The Edit menu operations include operations to modify the 'edited gene list' that is set from a variety of Filters as well as manually this menu. The user may perform set operations (union, intersection, and difference) on named sets of gene and sets of sample experiments (conditions). User preferences are also set in this menu.
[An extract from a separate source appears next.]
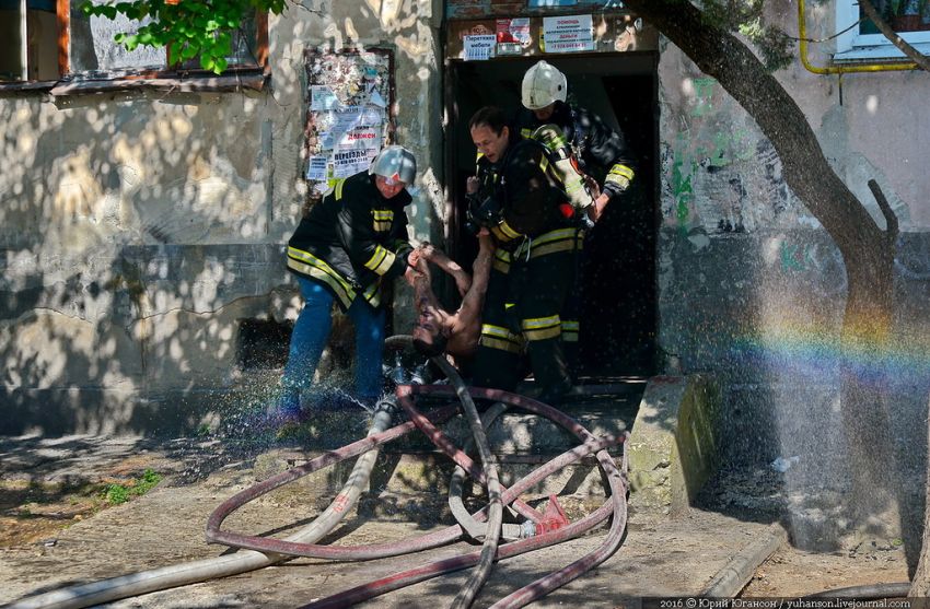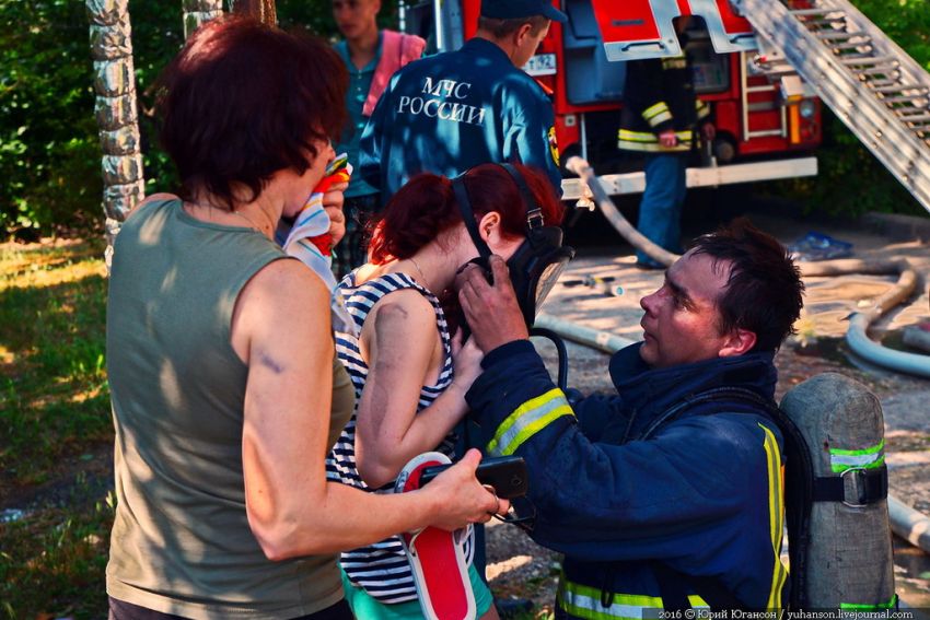Он рассказал, что дым быстро наполнил подъезд и люди, живущие в доме, были отрезаны от выхода на улицу. Приехавшие на вызов о помощи пожарные сработали чётко и слажено, пожар был локализован в считанные минуты, после чего спасатели эвакуировали жильцов с верхних этажей. Сейчас пожар полностью ликвидирован, но жильцам предстоит серьёзный ремонт.

Sets of genes or HP condition lists are very useful for tracking complex data-mining sequences of analysis. For example, derived named gene sets may be used in successive data filters and for reports. For example, one could do the following experiment given four different types of HPs for (e.g. virgin, pregnancy, lactation, and involution)
First compare two HPs using a statistical test such as a t-test. Then save the resulting set of genes under the name "virgin vs. pregnancy". Then compare the next two HPs and save the resulting genes under the name "lactation vs. involution". Finally, compute the difference of genes found in "virgin vs. pregnancy" that are not found in "lactation vs. involution". This resulting gene set could then be saved (e.g. with a name "Genes found in virgin vs. pregnancy, but not in lactation vs. involution"). Similarly, taking the intersection of these two named sets shows genes that are common between the two sets. Taking the union shows genes found in either of the two named sets.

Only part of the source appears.